## Source information

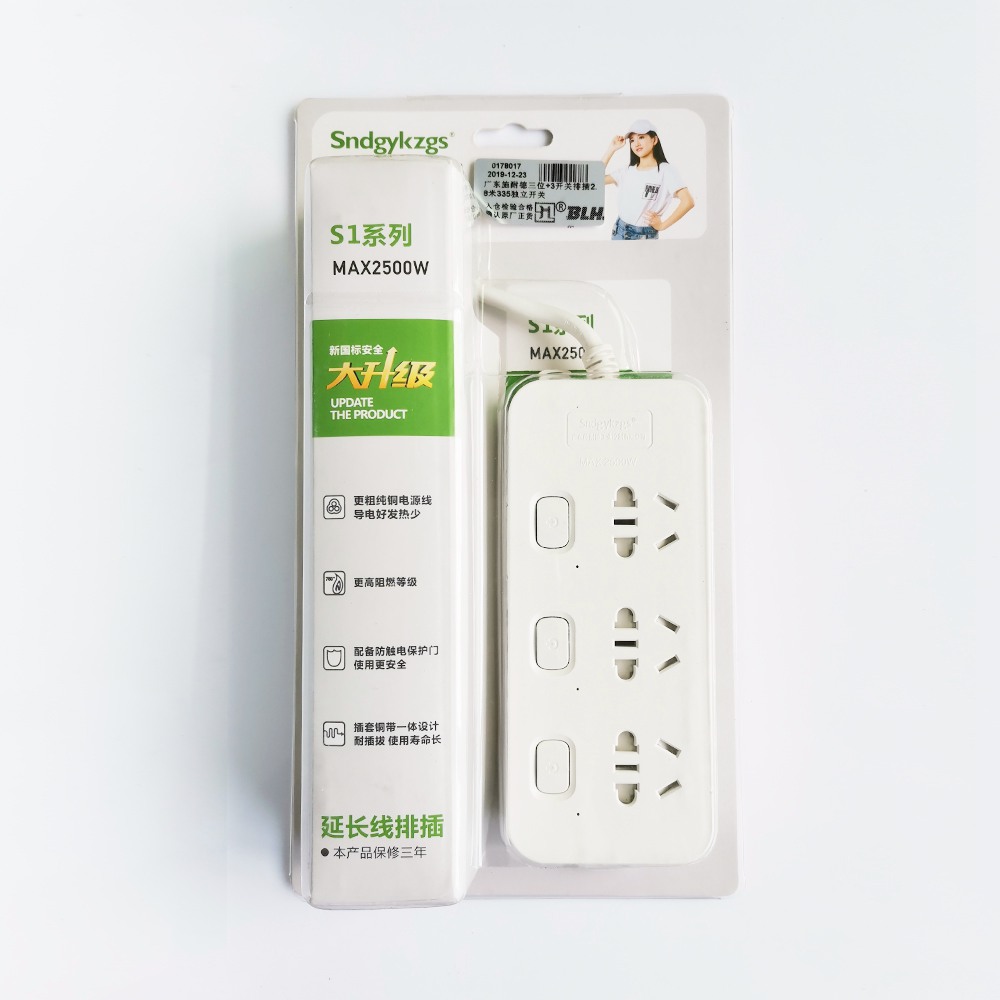 1.8米/2.8米/4.5米  三位+3獨立開關(guān)排插
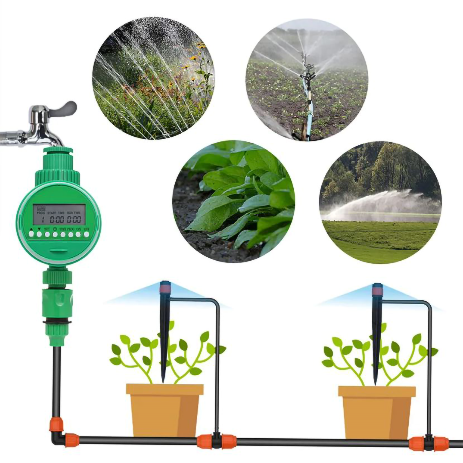 Этот таймер отличается простотой, легкостью установки и программирования. Там нет необходимости в инструментах. Просто установите время начала, продолжительность полива и частоту. Большой, легко читаемый ЖК-экран облегчает программирование.
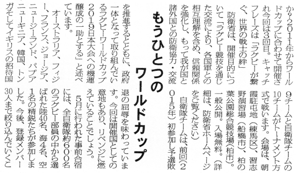 投稿日: 2019年7月1日2019年7月4日 投稿者: 日本東ティモール協会「防衛ホーム」紙の「ノーサイド」欄へ「もうひとつのワールドカップ」が掲載されました 防衛ホーム紙ノーサイド欄「もうひとつのワールドカップ」pdf
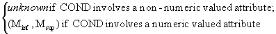 Ti(v) represents the fuzzy membership function valued for v and associated to the ith element of the triple defining the attribute that underlies COND’; i = 1, 2, 3; v
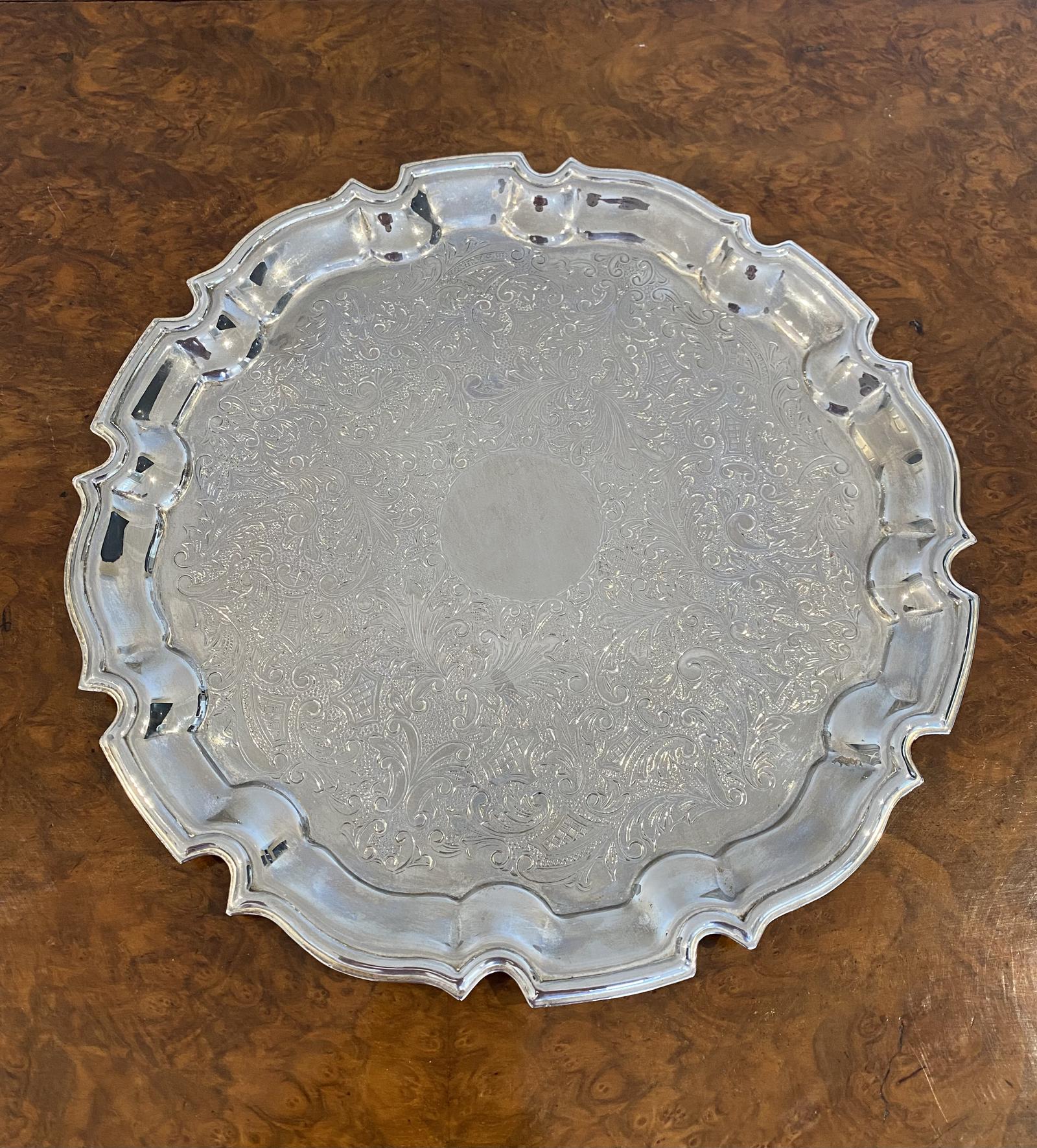 Antique Edwardian quality shaped silver plated tray, having a quality engraved centre with a shaped edge.
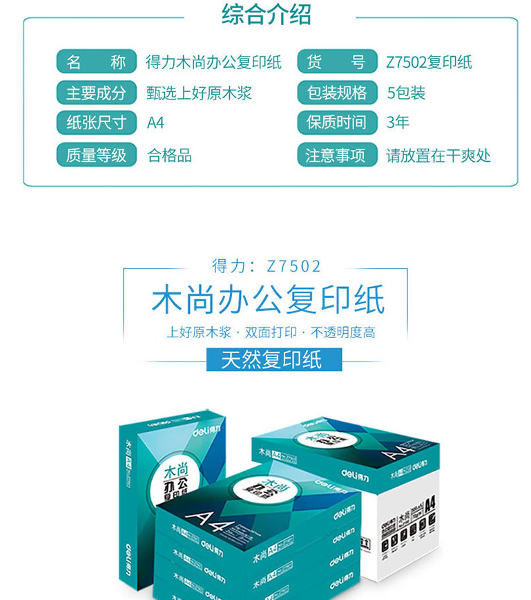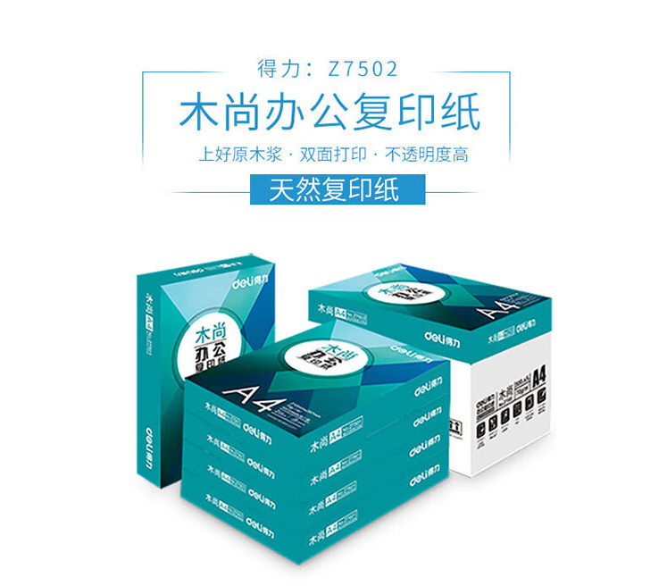 當(dāng)前位置: 首頁 > 辦公耗材 > 復(fù)印紙 > 得力木尚 Z7502 A4復(fù)印紙 (5包裝)
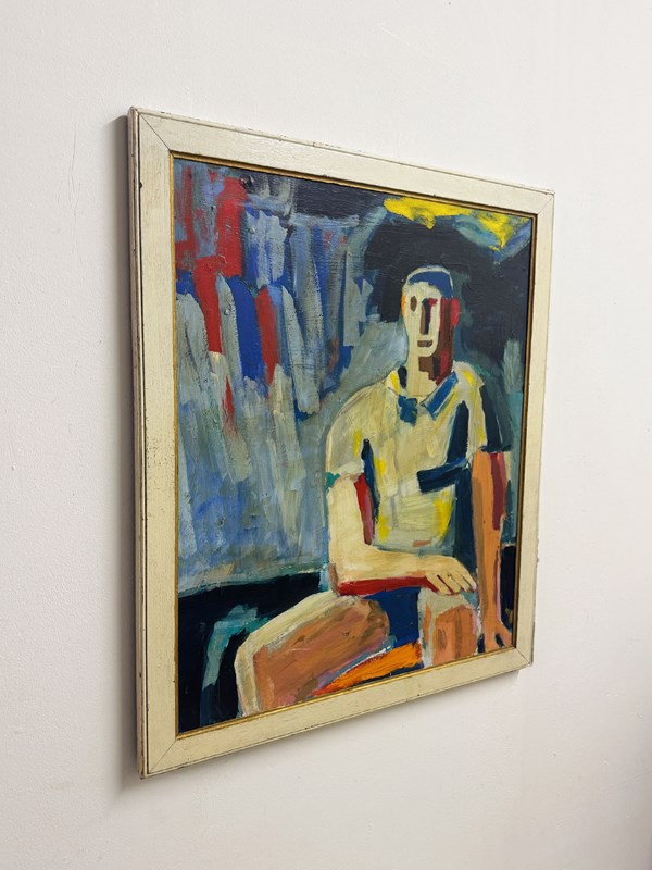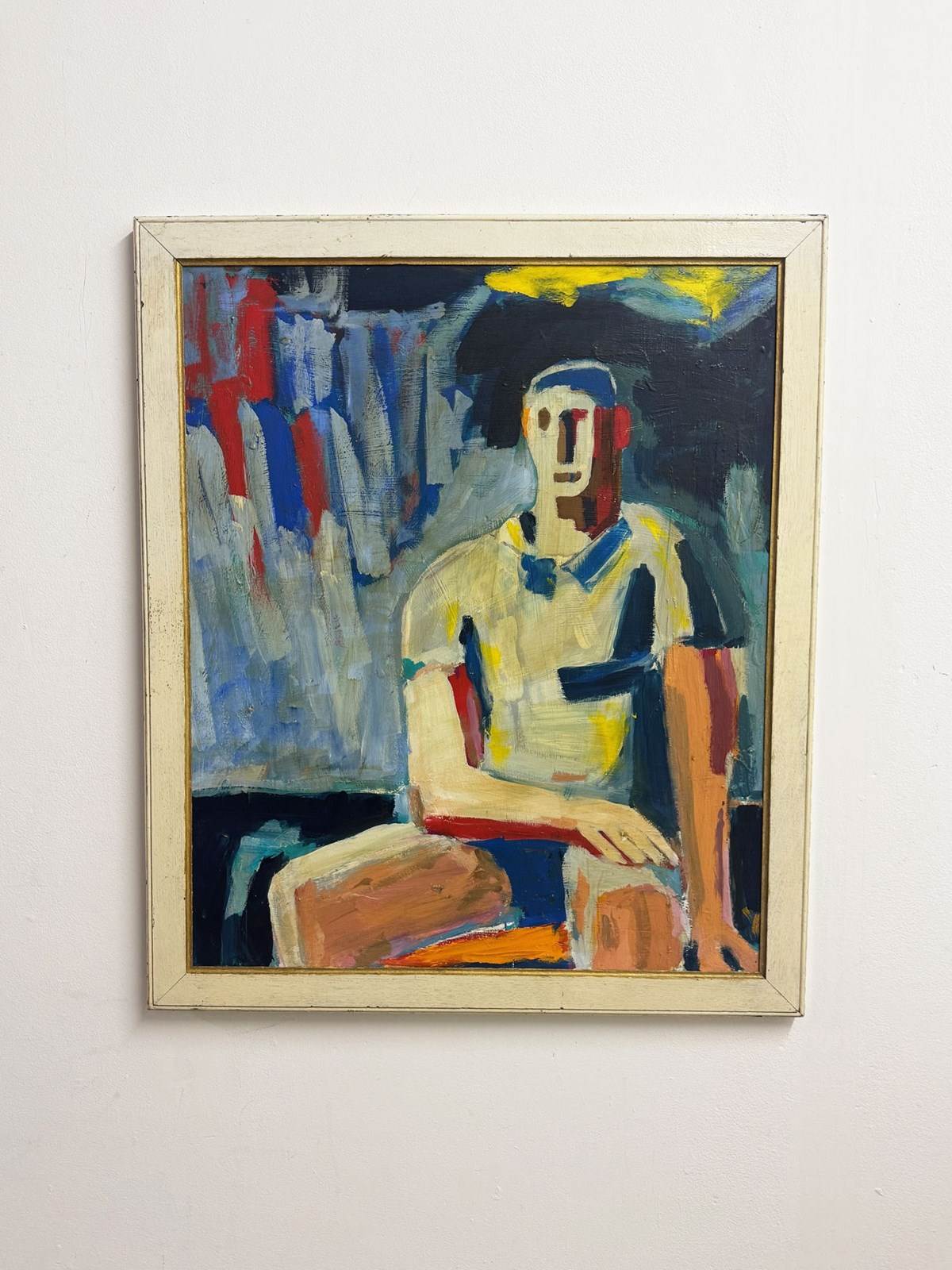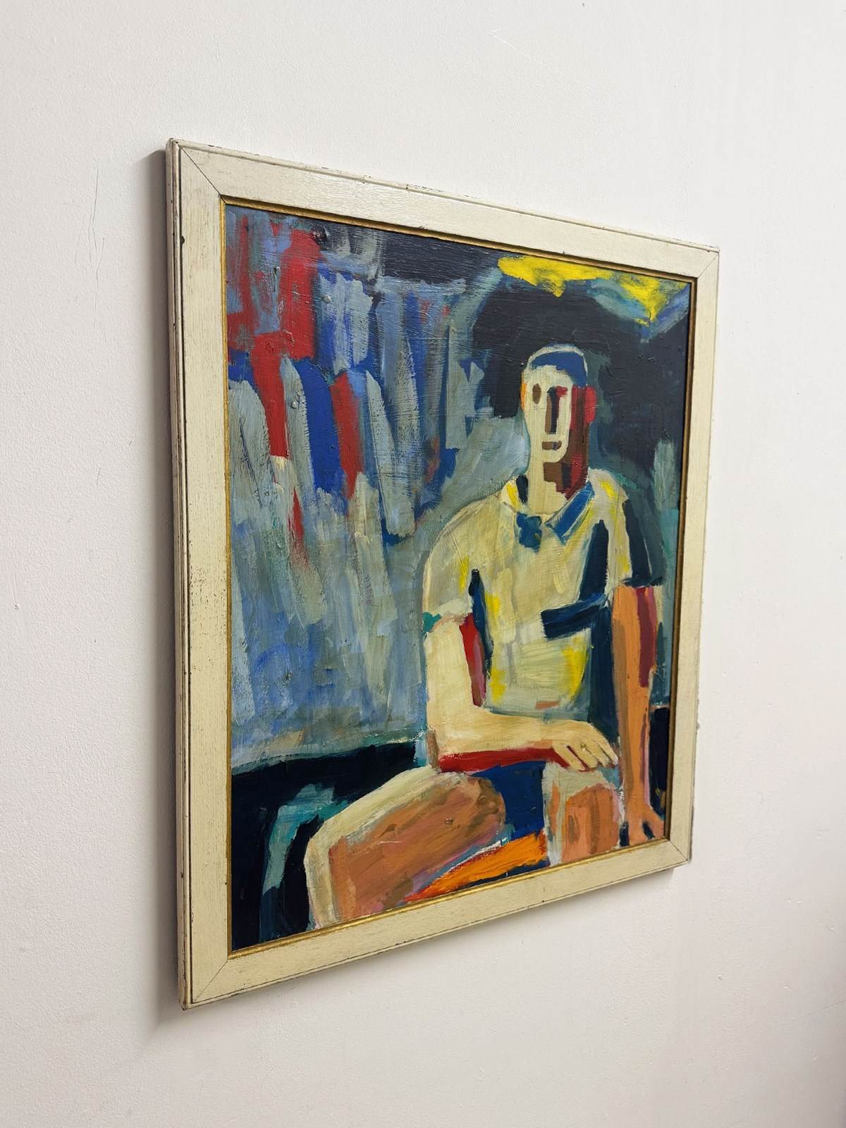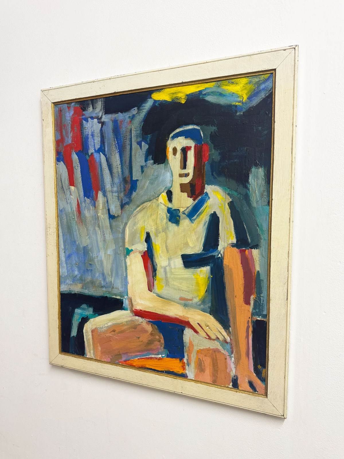Vintage figurative oil painting in the style of David Park, featuring expressive brushwork and bold, gestural colour. The seated figure is rendered in dynamic planes of blue, red and yellow, capturing the spirit of post-war modernist abstraction. A striking Bay Area inspired statement piece, framed and ready to hang.

## Your task
Include the first line of the records, the line containing "Ti(v) represents the", and every line between them, repeated exactly. Skip the pictures.

## Answer for this exercise
 1.8米/2.8米/4.5米  三位+3獨立開關(guān)排插
 Этот таймер отличается простотой, легкостью установки и программирования. Там нет необходимости в инструментах. Просто установите время начала, продолжительность полива и частоту. Большой, легко читаемый ЖК-экран облегчает программирование.
 投稿日: 2019年7月1日2019年7月4日 投稿者: 日本東ティモール協会「防衛ホーム」紙の「ノーサイド」欄へ「もうひとつのワールドカップ」が掲載されました 防衛ホーム紙ノーサイド欄「もうひとつのワールドカップ」pdf
 Ti(v) represents the fuzzy membership function valued for v and associated to the ith element of the triple defining the attribute that underlies COND’; i = 1, 2, 3; v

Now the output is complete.